Множество конфликтов между людьми (да и государствами) объясняются различными определениями, обозначениями, трактовками одних и тех же явлений. Traduttore – traditore, т.е. "Переводчик – предатель", гласила средневековая итальянская поговорка. "Lost in translation" – "Потерянное при переводе" ("Трудности перевода"), так назывался сравнительно недавний фильм Софьи Копполы. Как видим, проблема эта не теряет актуальности вот уж который век.
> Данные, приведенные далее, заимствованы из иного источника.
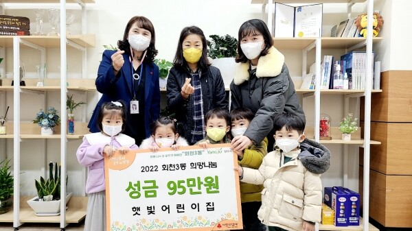 김금숙 회천3동장은“매년 나눔을 실천해 주시는 햇빛어린이집 원장님과 교직원, 학부모님, 원아 모두에게 감사를 드린다”며 “주민 모두가 행복하고 더불어 살아갈 수 있는 따뜻한 회천3동이 되도록 더욱 노력하겠다”고 말했다.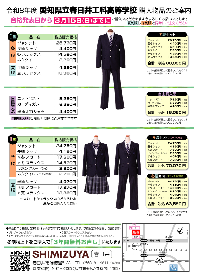令和8年度 愛知県立春日井工科高等学校 制服のご案内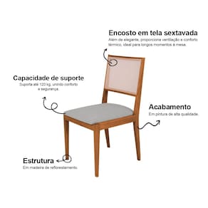 O assento conta com espuma de alta densidade D26, que oferece firmeza e conforto na medida certa, além de suportar até 120 kg com total segurança. O design com linhas retas e acabamento refinado permite que a cadeira se adapte facilmente a diferentes estilos de decoração, do clássico ao contemporâneo.

Педанты укажут на первый исторический прецедент "трудностей перевода" – библейское предание о разрушении Вавилонской башни, произошедшем из-за смешения языков, иначе говоря – из-за возникших языковых барьеров, божественной кары всеобщего отчуждения и непонимания.
Нарастающее отчуждение и непонимание между Россией и другими странами постсоветского пространства пока еще не носит языкового характера, подобно пророческой ''opechatke" Госсекретаря США Хиллари Клинтон, вручившей главе МИД РФ Сергею Лаврову в марте 2009 года игрушечную кнопку с надписью “Peregruzka” вместо имевшейся в виду “Perezagruzka”. Вот и Никол Пашинян общается с Владимиром Путиным на вполне понятном русском языке, с легкими, но вполне простительными грамматическими погрешностями. И все же, как лингвист по первому образованию, рискну утверждать, что языков на самом деле “не существует”, ибо то, что мы произносим, читаем, думаем и пишем, является отражением не языка, как предмета и содержания толковых и орфографических словарей, а языкового мышления – сложного продукта этнопсихологических, политических, социальных процессов. И вот в этом-то высшем семантическом поле люди, народы, да и главы наших государств говорят уже на разных языках, хотя пока и без переводчиков.
Каюсь за пространное отступление, но ведь и судя по комментариям наших читателей, порой излишне безапелляционным и нетерпимым, проблемы эти суть универсальны. Веду же я к тому, что нынешний российско-армянский политический кризис, тлеющий как подземный торфяной пожар, основан на совершенно различном толковании сути и названия происходящих событий. И если я осмеливаюсь отнимать время у читателей, то лишь потому, что убежден – это нарастающее непонимание и разночтение вовсе не исключительная особенность нынешних отношений Москвы и Еревана, а наоборот – проявление универсальной закономерности, которая рано или поздно станет главной проблемой и внутри России, и внутри русского языка как мышления.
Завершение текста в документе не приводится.